Internally, CBA is using generative AI to streamline internal processes, including coding. For example, the company has accepted nearly 80,000 lines of code that was recommended by GitHub Copilot, significantly increasing the speed with which the engineers can work.

8. Sydney Airport

Another valuable use of AI is to analyse data in real-time and use that to provide feedback. This is what Sydney Airport has done in collaboration with Google, after launching an AR-enhanced application that uses AI to scan tens of billions of images within the airport and understand where the user is at. From there, it can provide wayfinding assistance and help passengers locate gates, baggage claims, retail and food outlets, bathrooms and more.

In addition to saving passengers the need to find an information kiosk, the app is multi-lingual and designed to help overcome the language barriers in navigating the complexity of the enormously complex airport environments.

9. The National Pickleball League

If you haven’t heard of Pickleball yet, the chances are that you will in the near future. This is one of the fastest-growing sports worldwide — including in Australia — and part of what’s driving it is by embracing AI.

The National Pickleball League in Australia partnered with PlaySight, an AI-powered sports video and analysis company, to give NPL members the ability to record, livestream, analyse and share highlights and replays online. In addition to allowing for the automation of marketing content to support the sport, this platform is a useful analytics tool to improve the performance of players and the strength of competition in the league.

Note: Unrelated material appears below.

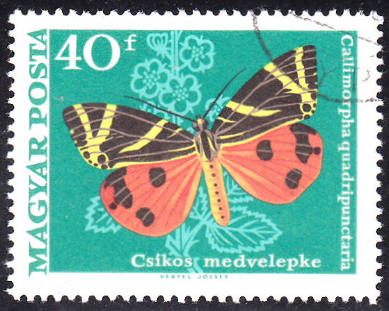 Auch diese Marke aus Ungarn (MiNr 2494 A) zeigt einen Russische Bären (Euplagia quadripunctaria). Im Michel wird als Motivangabe Spanische Flagge (Callimorpha quadripunctaria) genannt.

What Australian IT pros need to know

AI can be deeply embedded into the very processes that underpin every sector. Previously, professionals would use laptops, word processors, spreadsheets and sensors to collect and analyse data, but the technology was distinct from the work. With AI, there is the opportunity to embed technology within the work itself, and this is what the more forward-thinking and technically-ready organisations are embracing.

For IT professionals, it means the application of AI technology might be wildly different from one sector to the next. An IT professional working for a winery is going to have a totally different intended use of technology than one that is supporting Sydney Airport.

This, in turn, means IT professionals are going to need to develop a deep understanding of not just technology but also the sector and business they’re working within. As a result, we may see less movement across sectors from IT professionals looking for new work opportunities, and AI will be the catalyst for IT professionals to become even more deeply ingrained business enablers and leaders within their sectors.